Caching Module Resources - DRAFT

Version:
February 19, 2002
Author:
Jesse Glick
Abstract:

A significant portion of NetBeans' startup time is spent opening module JAR files, retrieving classes and resources from these JARs, examining manifests, and parsing and merging XML layers, followed by firing changes in the layers despite the fact that no files have yet been changed. This document proposes a way to collapse these tasks into a streamlined process involving opening a limited number of JARs containing classes and resources essential to startup and loading a premerged layer before any changes might be fired. The optimization should be transparent to module authors and users alike and require no API modifications.

Justification and Filed Issues

Too much startup time is spent loading certain kinds of information from modules, where this information does not typically change between consecutive runs.

Time drains

Opening JARs

Opening too many JARs during startup is undesirable because it requires some operating-system resources to physically open the JARs; time to read the full ZIP entry list for all enabled modules; and memory to keep the entry lists. Searching through JAR entry lists when loading resources also consumes a bit of time.

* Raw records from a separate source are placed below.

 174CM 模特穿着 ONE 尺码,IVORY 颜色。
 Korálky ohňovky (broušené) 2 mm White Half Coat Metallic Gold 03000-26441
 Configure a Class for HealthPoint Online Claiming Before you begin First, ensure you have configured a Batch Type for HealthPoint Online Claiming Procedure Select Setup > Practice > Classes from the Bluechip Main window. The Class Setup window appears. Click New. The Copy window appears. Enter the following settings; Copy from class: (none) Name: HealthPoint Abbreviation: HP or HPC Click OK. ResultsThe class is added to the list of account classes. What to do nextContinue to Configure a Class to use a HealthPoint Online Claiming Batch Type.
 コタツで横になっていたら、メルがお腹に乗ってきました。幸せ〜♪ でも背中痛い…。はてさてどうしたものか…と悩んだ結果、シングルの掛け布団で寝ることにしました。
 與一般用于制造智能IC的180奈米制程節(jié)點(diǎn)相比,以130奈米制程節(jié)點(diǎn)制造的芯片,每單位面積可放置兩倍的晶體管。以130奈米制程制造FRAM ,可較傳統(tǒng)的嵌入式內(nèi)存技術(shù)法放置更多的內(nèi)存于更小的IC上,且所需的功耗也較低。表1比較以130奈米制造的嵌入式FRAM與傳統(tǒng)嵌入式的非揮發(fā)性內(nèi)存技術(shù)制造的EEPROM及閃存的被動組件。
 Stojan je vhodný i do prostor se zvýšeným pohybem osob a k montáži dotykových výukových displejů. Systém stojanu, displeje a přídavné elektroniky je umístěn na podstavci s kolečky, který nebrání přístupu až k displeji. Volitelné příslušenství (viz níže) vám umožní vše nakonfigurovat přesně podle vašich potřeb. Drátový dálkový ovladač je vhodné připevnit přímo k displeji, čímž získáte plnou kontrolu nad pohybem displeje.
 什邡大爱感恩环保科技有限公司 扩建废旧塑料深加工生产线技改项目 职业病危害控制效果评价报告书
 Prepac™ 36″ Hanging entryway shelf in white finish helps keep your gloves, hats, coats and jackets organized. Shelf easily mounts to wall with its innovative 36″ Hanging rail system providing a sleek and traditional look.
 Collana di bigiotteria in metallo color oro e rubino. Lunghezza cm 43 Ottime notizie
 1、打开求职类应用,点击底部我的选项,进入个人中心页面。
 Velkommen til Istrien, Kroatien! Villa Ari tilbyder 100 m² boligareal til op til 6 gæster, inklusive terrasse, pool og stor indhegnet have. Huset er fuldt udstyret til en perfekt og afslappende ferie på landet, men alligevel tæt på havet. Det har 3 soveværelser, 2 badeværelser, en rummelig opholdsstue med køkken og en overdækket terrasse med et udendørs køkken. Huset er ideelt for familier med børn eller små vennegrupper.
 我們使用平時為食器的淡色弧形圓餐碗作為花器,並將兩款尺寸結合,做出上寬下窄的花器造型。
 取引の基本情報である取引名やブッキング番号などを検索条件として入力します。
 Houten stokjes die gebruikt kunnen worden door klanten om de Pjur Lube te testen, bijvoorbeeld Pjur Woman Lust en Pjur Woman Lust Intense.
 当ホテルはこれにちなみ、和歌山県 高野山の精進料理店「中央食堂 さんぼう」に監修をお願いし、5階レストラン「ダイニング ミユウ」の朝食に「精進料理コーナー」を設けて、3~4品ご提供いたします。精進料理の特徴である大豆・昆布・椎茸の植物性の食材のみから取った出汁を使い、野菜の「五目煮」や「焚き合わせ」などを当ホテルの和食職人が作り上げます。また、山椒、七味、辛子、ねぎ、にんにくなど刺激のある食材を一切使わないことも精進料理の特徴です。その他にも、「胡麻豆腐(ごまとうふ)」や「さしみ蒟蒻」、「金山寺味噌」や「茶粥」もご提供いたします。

It would be preferable to open only a limited number of JAR files during startup. For example, open just JARs in the classpath (as controlled by the JVM's application classloader), and one "jumbo jar" containing critical resources.

Since most modules are not likely to be used during startup, their actual JARs should be opened only when initiating an unusual action that requires loading classes or resources not normally used. This can be accomplished by keeping a special JAR containing only those resources expected to be used during the VM session, adaptively based on previous runs.

Loading layers

A moderate amount of time is spent loading XML layers. Some of this is simply XML parsing time. Layers as written by a module author often include comments and whitespace which are not needed at runtime; or CDATA sections which need not frequently be loaded. A little time is also spent switching parser streams, and some time is spent merging layers together.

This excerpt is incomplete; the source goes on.